Mise en garde contre le financement des hôpitaux selon l’activité

Le président de Médecins québécois pour un régime public, le Dr Alain Vadeboncoeur, met en garde le gouvernement Marois contre l’instauration d’un financement à l’activité dans les hôpitaux. Ce système risque d’alourdir la bureaucratie et d’inciter les établissements à favoriser les activités les plus rentables au détriment des réels besoins de la population, dit-il.

Dans son dernier budget, l’ex-ministre des Finances, Raymond Bachand, avait annoncé la création d’un comité chargé d’étudier l’implantation d’un financement à l’activité dans les hôpitaux québécois. Ce système serait appelé à remplacer le mode de financement actuel basé sur l’enveloppe budgétaire des années antérieures de chaque établissement.


Médecins québécois pour un régime public craint les dérapages qu’une telle réforme risque d’entraîner. « Ce qui nous inquiète, c’est qu’on néglige des clientèles qui ont des maladies complexes et non rentables, selon des normes qui restent à établir, au profit de patients aux pathologies plus rentables pour l’hôpital », a expliqué le Dr Vadeboncoeur en conférence de presse dimanche.


Il soutient que les expériences menées à l’étranger, notamment en Grande-Bretagne, ne donnent pas les résultats escomptés et qu’un mode de financement à l’activité obligera les établissements à consacrer beaucoup de temps et d’énergie à l’implantation d’une nouvelle bureaucratie sans garantie d’une meilleure qualité des soins.


L’organisme a fait cette sortie en prévision de la journée de formation que donnera, jeudi, l’Association québécoise d’établissements de santé et de services sociaux (AQESSS) aux gestionnaires d’hôpitaux.

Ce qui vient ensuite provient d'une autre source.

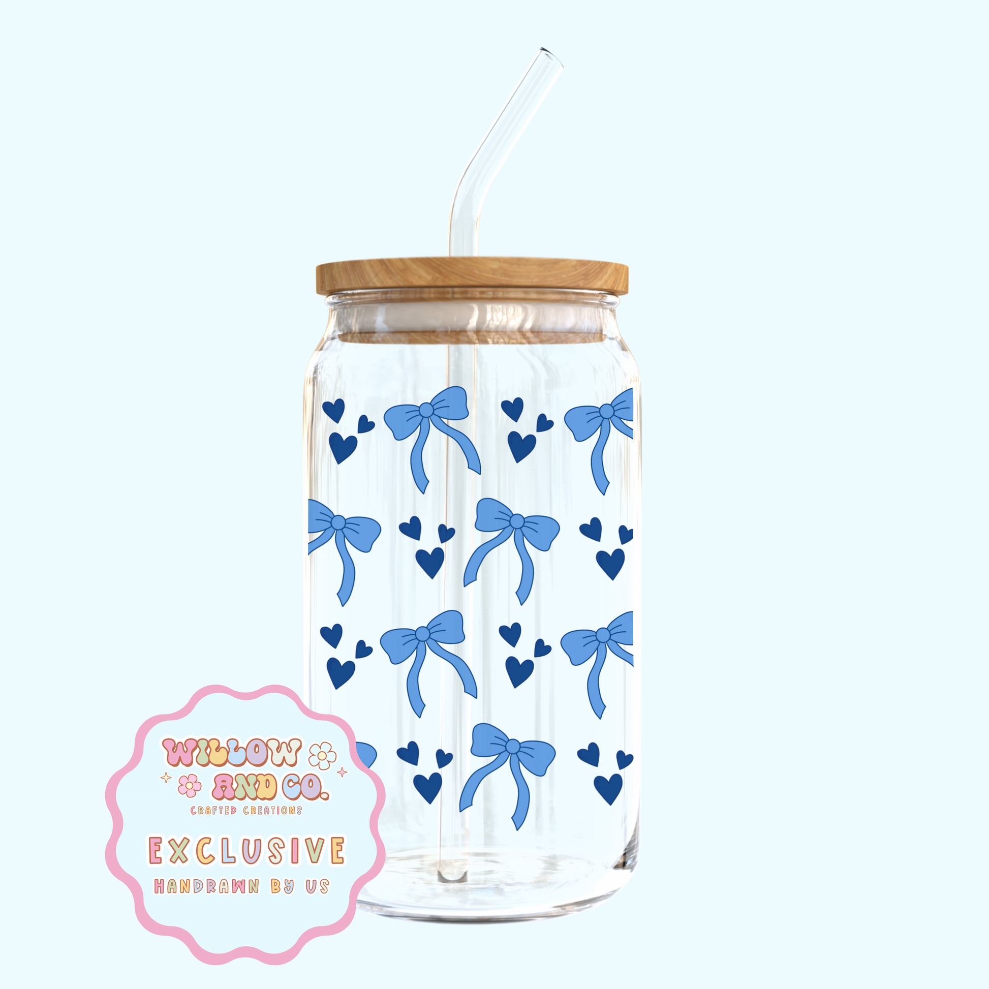 Sip your favourite drinks in style with our charming 450ml (16 oz) glass tumblers. Perfect as a gift for loved ones or a treat for yourself, each tumbler comes complete with a bamboo lid and a reusable glass straw, combining elegance with eco-friendly functionality. Our designs are meticulously applied by hand using premium UV-DTF transfers, ensuring they are permanent, waterproof, and able to withstand everyday use and washing.

Le Dr Vadeboncoeur souhaite également que le nouveau ministre de la Santé, Réjean Hébert, fasse connaître ses intentions à ce sujet.

 

Une réflexion


« Le financement par activité mérite réflexion, a indiqué dimanche le ministre Hébert. Il y a des intérêts à l’implanter, mais il y a aussi des effets pervers dont je suis conscient. Un groupe de travail du ministère des Finances et du ministère de la Santé qui se penche là-dessus à l’heure actuelle, et j’ai demandé à l’INESSS [Institut national d’excellence en santé et en services sociaux] qu’il me fournisse une revue de littérature internationale sur les impacts d’un financement à l’activité des pays qui l’ont adopté. Avec ces deux informations, qu’on devrait avoir au cours du premier semestre de 2013, on va être en mesure de prendre une décision. […] Je me laisse l’esprit ouvert pour examiner les évidences scientifiques et l’opinion des experts du ministère des Finances. »


Favorable au financement à l’activité, la directrice générale de l’AQESSS, Lise Denis, croit qu’il est possible de se prémunir contre certains effets pervers.


« Le paiement ne doit pas seulement se faire sur le volume [d’activités], mais sur la qualité aussi. Si vous opérez beaucoup de patients, mais qu’ils reviennent parce qu’il y a des complications, vous devriez être moins payé », a-t-elle précisé.